The present invention relates to an improved deterministic bus access method which is appropriate where a number of stations (or nodes) on a bus which wish to communicate, are located at a distance for example more than 5 meters apart from each other. In particular, but not exclusively, the invention relates to the field of Local Area Networks (LANs).
Any system which allows one or more transmitting stations to communicate with one or more receiving stations over a shared serial or parallel bus using some form of (statistical) time division multiplexing (TDM), requires an access mechanism (or protocol) to determine which one of several active transmitting stations is to be allowed access to the shared bus. In systems where the stations are located close to each other (e.g. less than 5 meters apart) some centralised arbitration system can De used e.g. a central controller. However, in more physically distributed systems the electrical signal propagation delay can limit the effectiveness (speed) of the access mechanism.
Where the access mechanism has to be supported by a bus, constraints imposed on the speed of the access mechanism by the basic nature of a bus can be particularly severe (especially with short packet transmission times and physically long buses). These constraints are firstly that any signal transmitted on a bus is broadcast so that it is received by all stations connected to it and secondly, that the maximum time between a station sending a signal and another station receiving the signal is the end-to-end propagation time of the bus.
The performance of one widely used method of bus access, Collision Sense Multiple Access/Collision Detect (CSMA/CD) is limited mainly by the second consideration; because here the lower limit of the contention slot time which defines the basis of the CSMA/CD back-off algorithims, is fixed by the fact that twice the end-to-end propagation time of the bus has to elapse after start of transmission before a station can be sure that it is the only station transmitting over the bus.

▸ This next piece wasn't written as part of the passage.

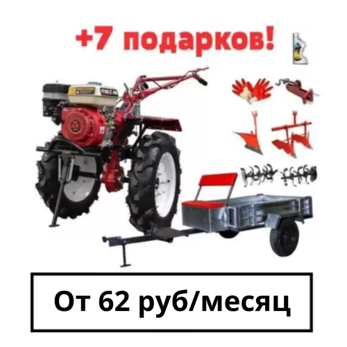 - Мотоблок оснащен колёсами 7-12 на пневмодиске с регулировкой дорожного просвета, а также с возможностью установки утяжелителей (аналог МТЗ)

The performance of another widely used method of access, token passing, is limited chiefly by the first consideration because here the token has to be directed to one node at a time by the addition of adequate address information (to the token). The time to transmit the token from one node to the next mode (in the logical ring) plus some allowance for internal node processing and node to node propagation times generally yields fairly lengthy node to node polling times (e.g. of approximately 50 uS in the case of a typical 5 Mbps carrier band implementation of the IEEE 802.4 token passing bus).
The time for the token to circulate completely round the logical ring of such a network is therefore the node to node polling time multiplied by the number of network nodes: for a typical 30 node network this results in a token circulation time of about 1.5 ms (30.times.50 uS). This circulation time results in excessively long waiting time delays for short packets of data.
Less widely used determinsitic methods of bus access are bit map protocols such as (Multi Level Multi Access (MLMA). In each of these cases the total time taken by the determinsitic methods is based on the fact that the duration of each bit of information in the access method must equal or exceed the end-to-end propagation time of the bus. (e.g. 5 uS for a 1 Km bus) so that all stations are aware of when each particular bit in the access protocol has been set.
It will be appreciated that the efficiency of an access protocol is limited by the ratio of packet transmission time to access time. This is of particular importance as increased data rates result in decreased transmission times for the same length of packet.